AIM OF THE TASK
Go through the entries below and pick out every line with "This".

RECORDS SUPPLIED
==============================
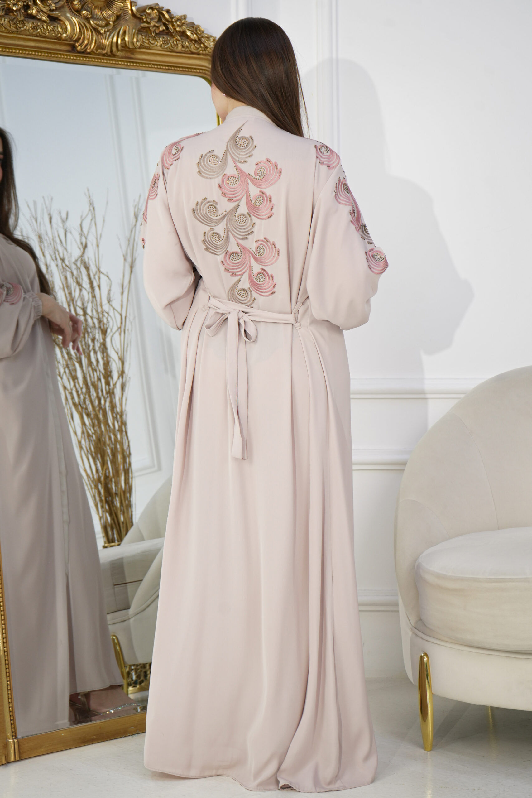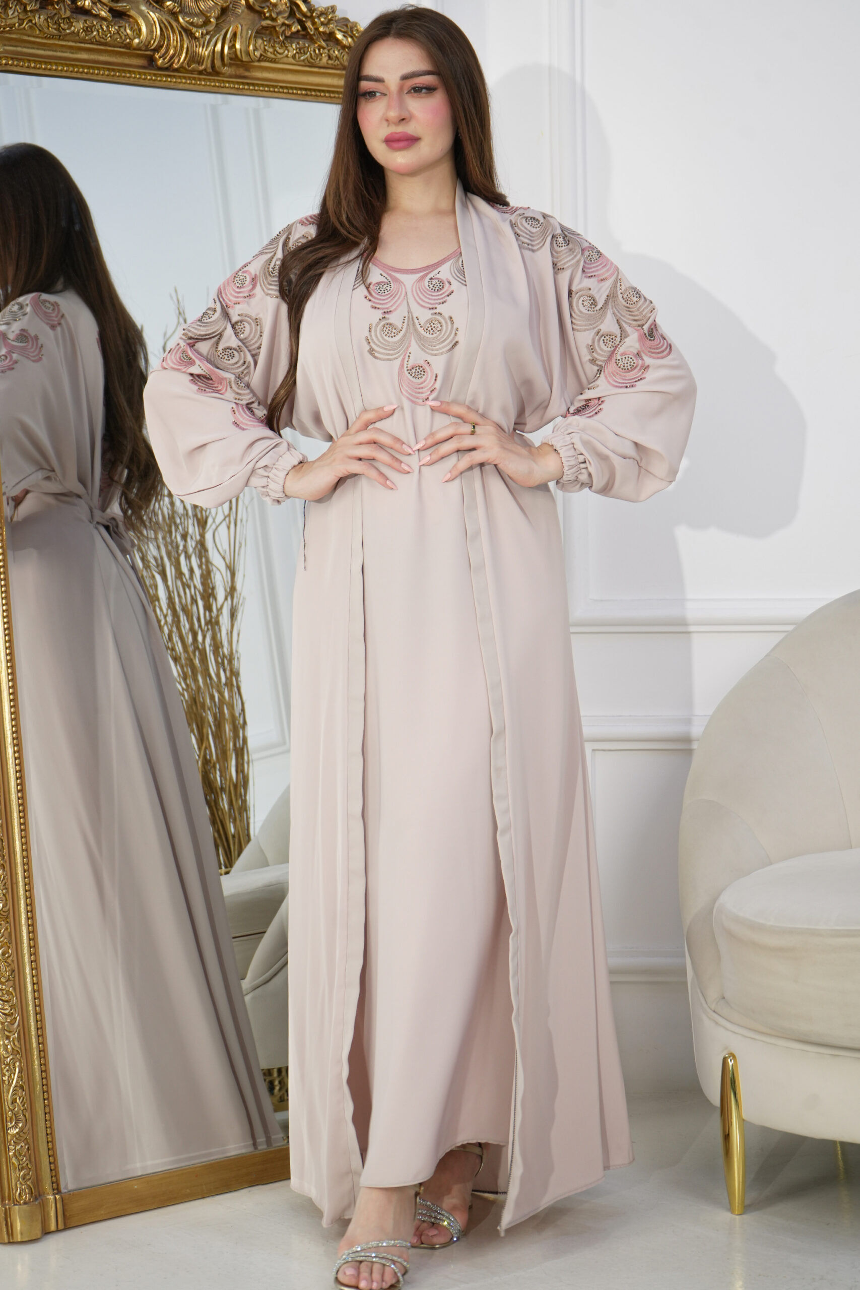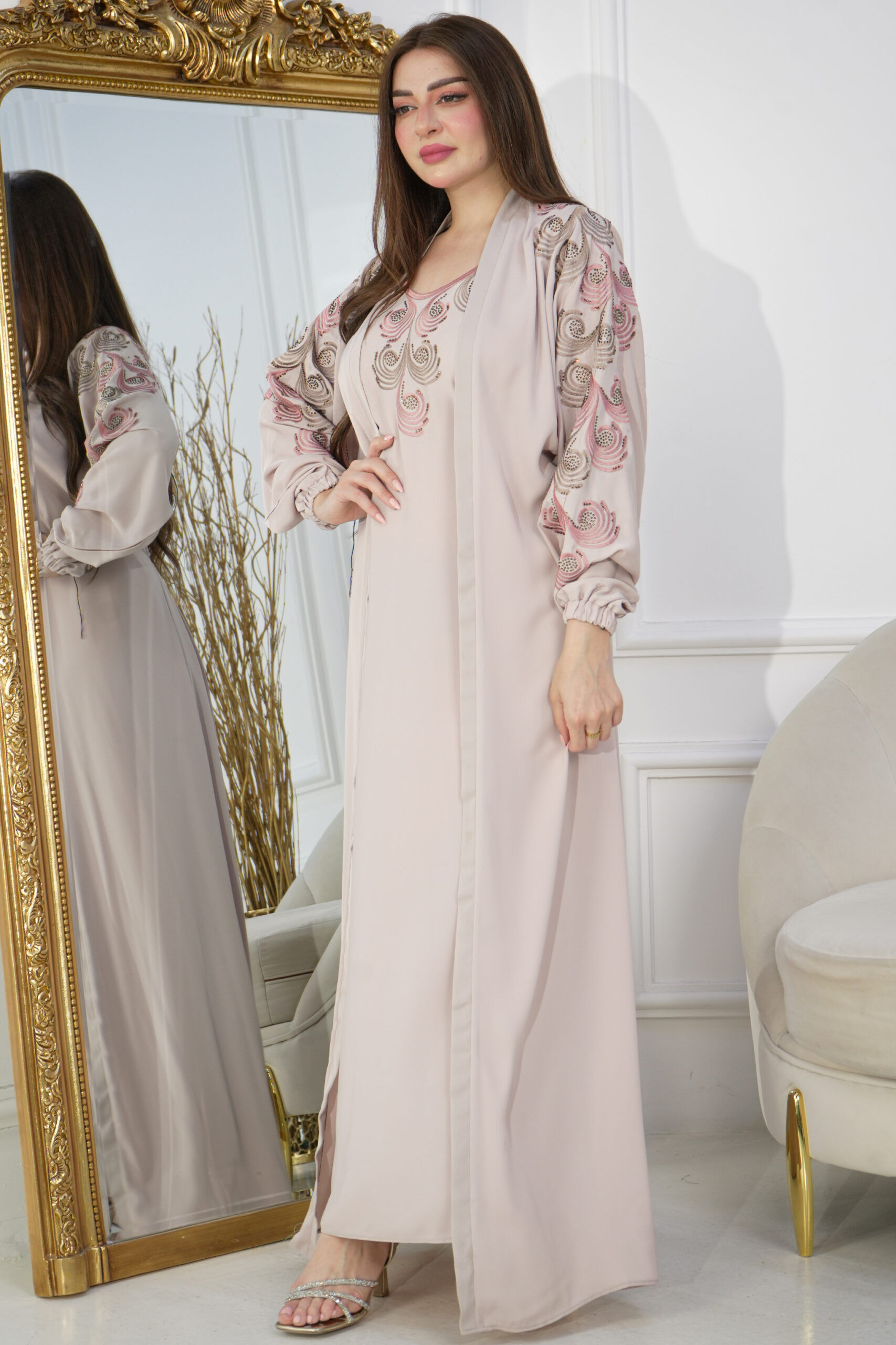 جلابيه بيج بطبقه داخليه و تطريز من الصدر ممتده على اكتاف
==============================
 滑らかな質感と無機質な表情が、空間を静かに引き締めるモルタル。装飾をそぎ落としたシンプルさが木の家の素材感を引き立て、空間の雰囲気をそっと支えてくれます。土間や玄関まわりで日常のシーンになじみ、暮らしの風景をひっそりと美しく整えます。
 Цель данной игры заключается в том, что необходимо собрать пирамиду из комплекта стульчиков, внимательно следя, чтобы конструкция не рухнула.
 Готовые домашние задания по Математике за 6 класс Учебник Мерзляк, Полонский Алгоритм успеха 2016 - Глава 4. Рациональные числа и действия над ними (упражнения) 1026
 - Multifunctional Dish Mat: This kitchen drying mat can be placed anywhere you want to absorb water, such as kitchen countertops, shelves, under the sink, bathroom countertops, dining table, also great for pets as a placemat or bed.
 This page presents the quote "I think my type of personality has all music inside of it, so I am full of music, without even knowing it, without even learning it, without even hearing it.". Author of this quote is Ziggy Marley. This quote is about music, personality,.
==============================
RESPONSE AREA
 - Multifunctional Dish Mat: This kitchen drying mat can be placed anywhere you want to absorb water, such as kitchen countertops, shelves, under the sink, bathroom countertops, dining table, also great for pets as a placemat or bed.
 This page presents the quote "I think my type of personality has all music inside of it, so I am full of music, without even knowing it, without even learning it, without even hearing it.". Author of this quote is Ziggy Marley. This quote is about music, personality,.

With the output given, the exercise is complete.